For reference: The two cases were in school districts where they wanted to encourage a breaking up of the pre-existing housing segregation, which of course has been in no small part a result of discriminatory practices dating back to the GI Bill and white flight, and before than even, Jim Crow and forced and legal segregation. Their goal was to make sure every school had some portion of white & minority students, and not a ridiculous skew that didn't reflect overall city demographics one way or the other. Actually, Dellinger (a Duke University Law Professor) summed it up this way:
The idea that the principle of Brown condemns the valiant efforts of, say, the Louisville community to maintain schools attended by both black and white students seems profoundly wrong to me. The Louisville school system (I keep using Louisville, because I know that case better) takes account of the race of students to keep each school integrated. They don't try to replicate the one-third-black percentage of the district as a whole in each school, but they do take race into account where that figure would otherwise fall below 15 percent or above 50 percent. Good people, black and white, in Louisville have refused to give up on the public schools. They know that sharp imbalances in the race of a school population leads to "white flight' from the schools and that using race to keep schools integrated is essential to the viability of public schools.So. Yes.
Of course, they could have a system in which each school almost always reflects the racial proportions of the district's overall population simply by assigning all students by lottery. Each school would usually wind up about one-third black. No system would do that because assignment by lottery would impose enormous costs on families in transportation and deprive them of the great advantages of neighborhood schools. But, as I argued in my last posting, using neighborhood as the sole mechanism for school assignment means that the schools will replicate the housing segregation that defines Louisville as it does many of our metropolitan areas. The carefully planned Louisville system combines neighborhood schools with parental choice and some use of race to ensure an integrated experience and a viable public school system.

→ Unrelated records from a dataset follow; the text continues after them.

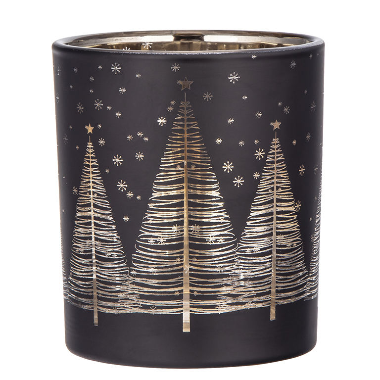 ŚKLENĚNÝ SVÍČNÍK ČERNÝ S ZLATOU VNITŘNOSTÍ 9X10CM DEKORACE VÁNOČNÍ STROMEČEK
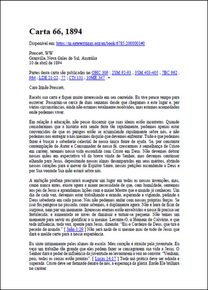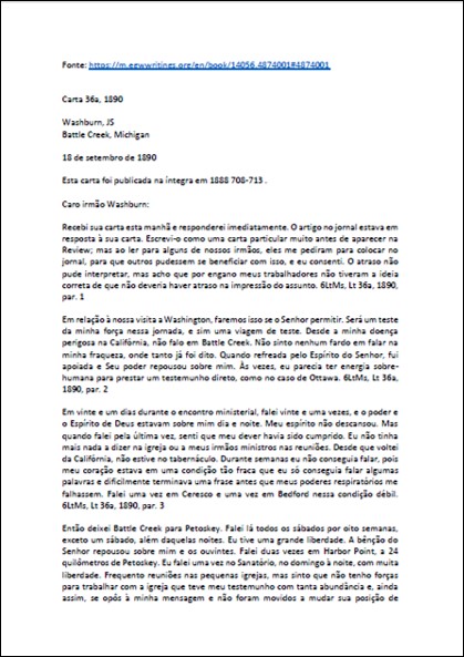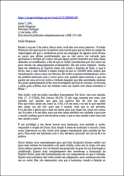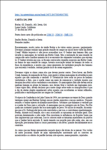 Assunto: carta contendo reprovação às teorias de Kellogg e a seguinte declaração: “eu estou na plataforma da verdade eterna – a mesma verdade que Deus deu aos pioneiros da mensagem do terceiro anjo, ponto a ponto, através de um estudo da Palavra, sob a orientação do Espírito Santo. Eu lhes dei a verdade como Deus me deu – verdade que tem sido a luz e a segurança de Seu povo no último meio século [1850 até 1906]”.Download
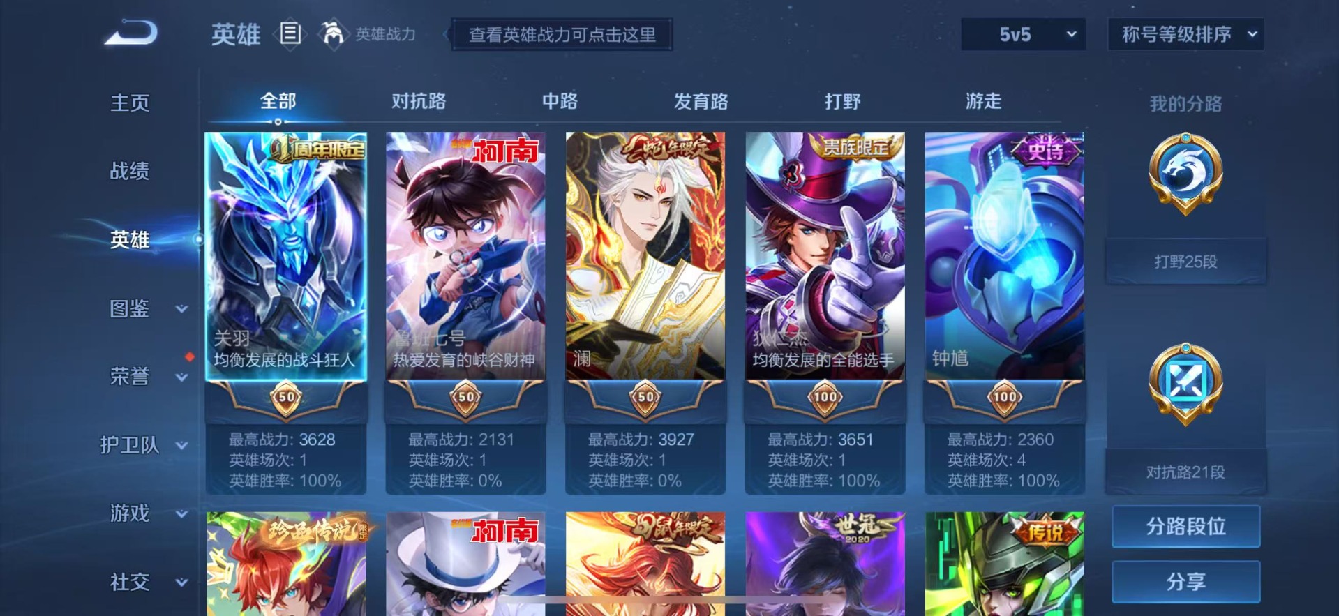 - [11941252]V6 5传说 116英雄 82皮肤 可修改实名 优质装备:云鹰飞将(小将军),末日机甲-孙尚香(绿蚂蚱),淬星耀世,涂山容容 限定皮:鸣野蒿,永曜之星 史诗皮:化蝶舞,龙之律动,破空之剑,东方月初,织梦人,千年之狐,末日机甲-莱西奥,水果甜心,星夜王子,功夫厨神,德古拉伯爵,鬼剑武藏,乘风破浪,圣诞狂欢,鹰眼统帅,魅力维加斯
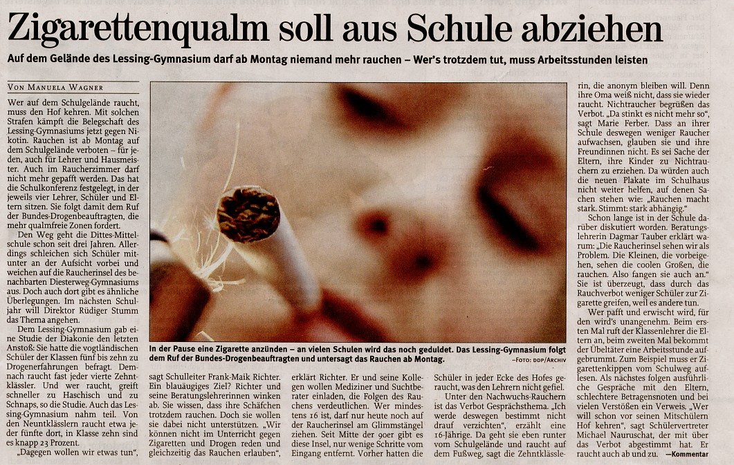 Projekt rauchfreie Schule - wir machen uns auf den Weg! Ab heute Rauchverbot auf dem gesamten Schulgelände, ein erster wichtiger Meilenstein auf einem langen, mühevollen Weg... Freie Presse >> / Vogtlandanzeiger >> |
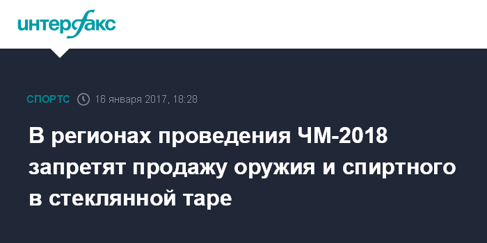В регионах проведения ЧМ-2018 запретят продажу оружия и спиртного в стеклянной таре
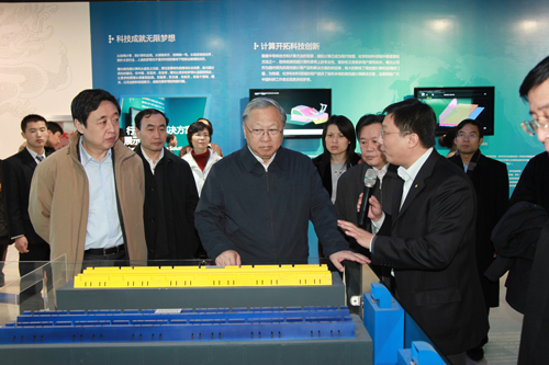 在中科天津电子信息技术产业园,路甬祥一行了解了园区建设情况,参观了曙光天津产业基地、天津中科遥感信息技术有限公司和天津中科蓝鲸信息技术有限公司。曙光天津产业基地自2006年落成并投入使用以来,累计实现销售收入超过30亿元,2010年5月二期工程竣工并投入使用,全部投产后将成为亚洲最大的高性能计算机生产基地。天津中科遥感信息技术有限公司于2007年成立,致力于数字城市及数字城镇技术成果的产品化以及遥感高级数据产品加工的规模化生产,2010年销售收入将突破2000万元。天津中科蓝鲸信息技术有限公司于2007年成立,致力于研发、生产和销售自有品牌的网络存储系统,2010年销售收入将达4000万元。

Dellinger & Slate's Dahlia Lithwick have been conducting a dialogue on the SCOTUS' recent decisions (linked to throughout my post). They've added a conservative member to bring a new view, whose response is titled: Don't Despair -- There's a Better Way to Achieve Integration. I'm deathly afraid of reading this. Though, there's some slight possibility he's going to suggest higher education for all, universal improvement in housing and human services, cleaning up the pollution that disproportionately affects minorities and poor whites, and general redistributional justice. And perhaps he'll also bring me a dollar with compound interest for my wisdom teeth from 5 years back or so, and take us all to a magical gumdrop land full of chocolate rivers and strawberry fields.